On July 25, 1987, then President Corazon C. Aquino issued Executive Order (E.O.) No. 279 authorizing
the DENR Secretary to accept, consider and evaluate proposals from foreign-owned corporations or
foreign investors for contracts or agreements involving either technical or financial assistance for large-
scale exploration, development, and utilization of minerals. During the effectivity of this law, the
President entered into a Financial and Technical Assistance Agreement (FTAA) with WMCP, a
corporation organized under Philippine laws but wholly-owned by an Australian Corporation, covering
99,387 hectares of land in South Cotabato, Sultan Kudarat, Davao del Sur and North Cotabato.

A wide range of sectors, including farmers and indigenous people's cooperatives and residents of areas
affected by the mining activities, which shall be referred herein as petitioners, contended that E.O. No.
279 did not take effect because its supposed date of effectivity came after President Aquino had already
lost her legislative powers under the Provisional Constitution.

E.O. No. 279 was signed into law by then President Aquino on July 25, 1987, two days before the
opening of Congress on July 27, 1987. Section 8 of the E.O. states that the same "shall take effect
immediately." This provision, according to petitioners, runs counter to Section 1 of E.O. No. 200, which
provides:

SECTION 1. Laws shall take effect after fifteen days following the completion of their publication either
in the Official Gazette or in a newspaper of general circulation in the Philippines, unless it is otherwise
provided.

Petitioners posit that E.O. No. 279 could have only taken effect fifteen days after its publication at which
time Congress had already convened and the President's power to legislate had ceased. And thus
consequently, the FTAA entered into by the parties should have no legal effect.

Issue:

Whether or not E.O. No. 279 is an effective and a validly enacted statute.

Held:

Yes. E.O. No. 279 is an effective and a validly enacted statute.

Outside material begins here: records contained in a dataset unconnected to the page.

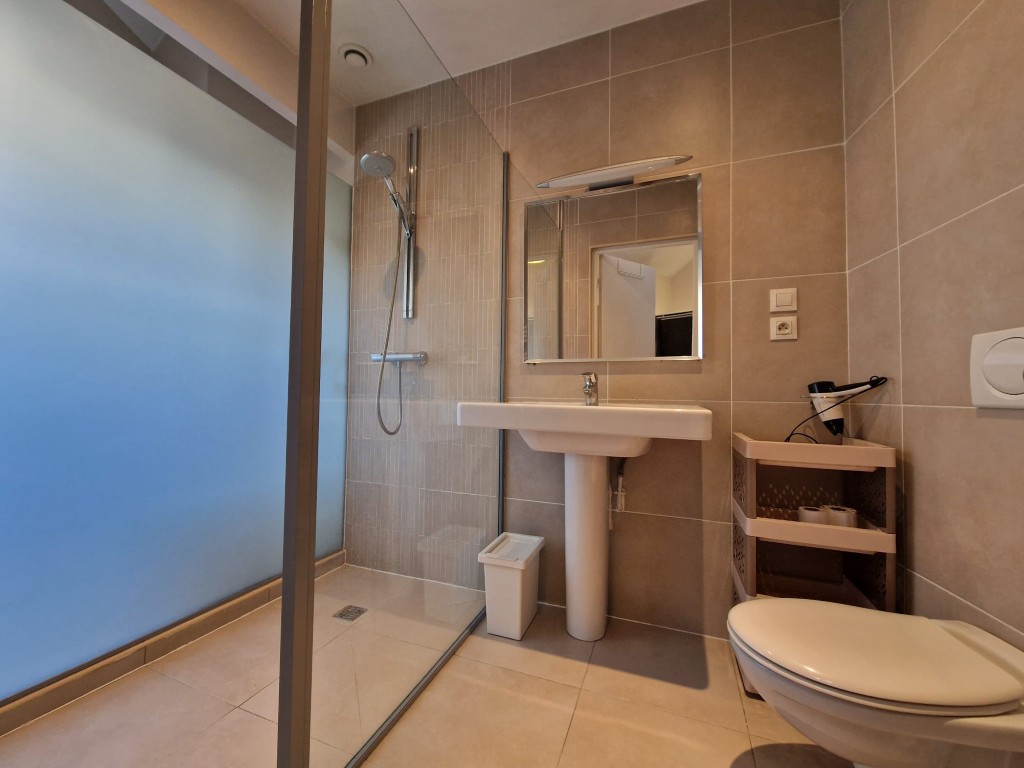 On the main floor, you’ll find a bright, airy living room – just right for unwinding or getting some work done in peace. The spacious kitchen and dining area open out onto a sunny terrace, where there’s a secure bike rack for peace of mind. There’s also a handy washroom on this floor too.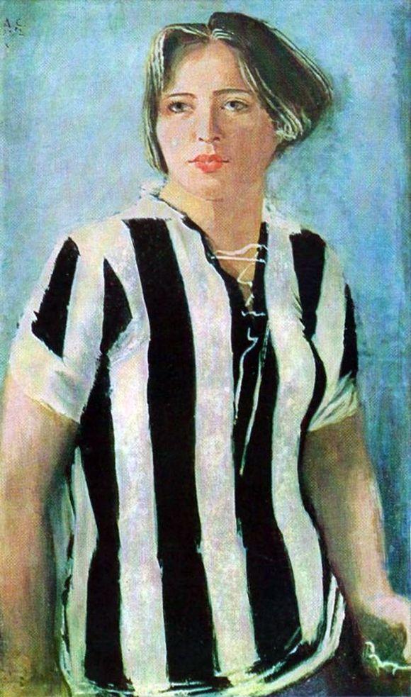 Несмотря на то, что советское искусство создавалось для внутреннего потребления, некоторые его образцы не оставили равнодушными жителей других стран. Например, Европу поразила картина «Девушка в футболке». Этот портрет революционен стилем одежды, в котором героиня представлена. Форменный, простите, unisex. Она удостоилась золотой медали на Международной выставке в Париже в 1937 г. и получила неофициальное название «советской Джоконды»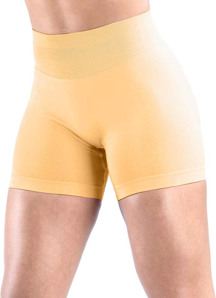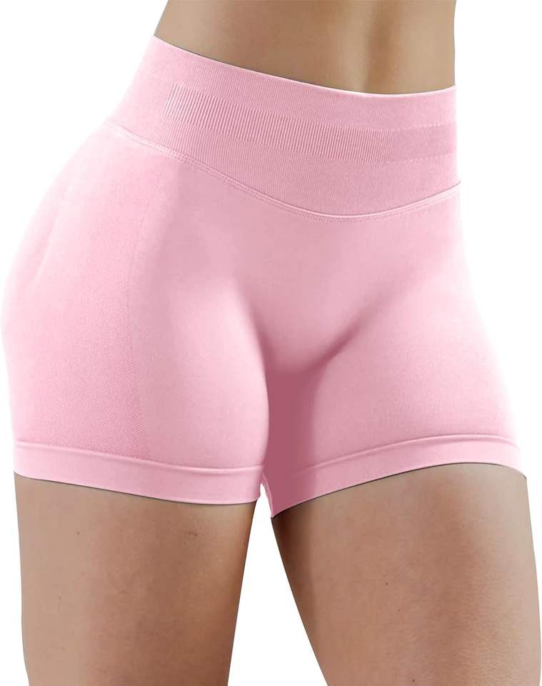 ชุดกางเกงเลกกิ้งขาสั้นสีพื้นสำหรับผู้หญิงชุดเล่นโยคะสไตล์นักปั่นจักรยานเอวยางยืดและกระเป๋าข้าง
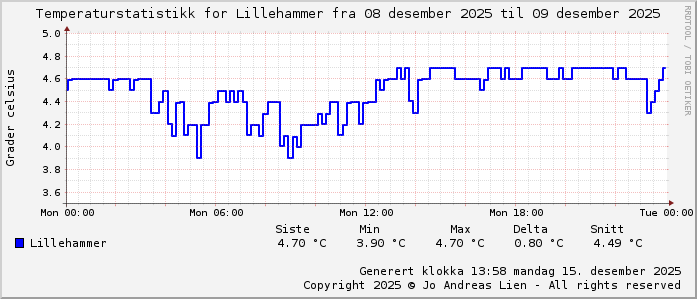 MinTemp 3.9°C (05:25) MaxTemp 4.7°C (13:25) MiddelTemperatur 4.3°C GjennomsnittsTemp 4.5°C (143 avlesninger) Målt på Lillehammer av joli Navnedag: Marion, Morgan, Marlene Stjernetegnet er Skytten ![]() Kinesisk år er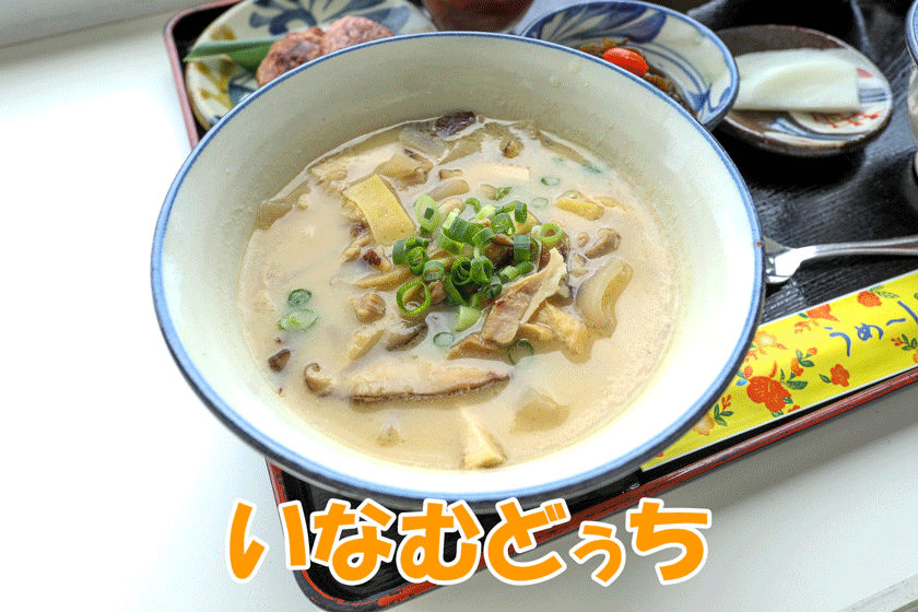 豚の三枚肉、こんにゃく、かまぼこ、しいたけ、油揚げなどを、白味噌で仕上げた汁物。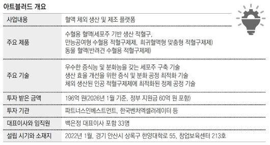 2023년 정부는 복지부·과기부·산업부·식약처·질병청이 참여하는 ‘세포기반 인공혈액 기술개발사업단’을 출범시켰다. 5년간 471억 원을 투입하는 1단계 사업이다. 아트블러드는 사람에게 수혈하는 적혈구 제제를 대량생산하는 핵심 과제를 단독 수주했다. 같은 해 차세대 유망 초기(seed) 기술 실용화 패스트트랙 사업 과제를 수주해 개에게 수혈할 수 있는 적혈구를 세계 최초로 생산하는 데도 성공했다.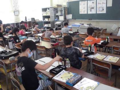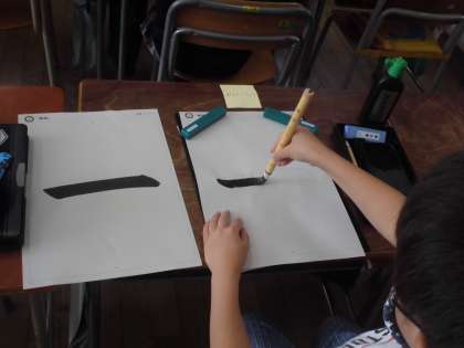 3年生は習字道具の使い方を習っていましたが、今日は初めて習字で字を書きました。字は漢字の「一」です。「筆をしっかり立てて書くように」等、基本に気を付けながら慎重に書いていました。

It bears noting that there is nothing in E.O. No. 200 that prevents a law from taking effect on a date
other than — even before — the 15-day period after its publication. Where a law provides for its own
date of effectivity, such date prevails over that prescribed by E.O. No. 200. Indeed, this is the very
essence of the phrase "unless it is otherwise provided" in Section 1 thereof. Section 1, E.O. No. 200,
therefore, applies only when a statute does not provide for its own date of effectivity.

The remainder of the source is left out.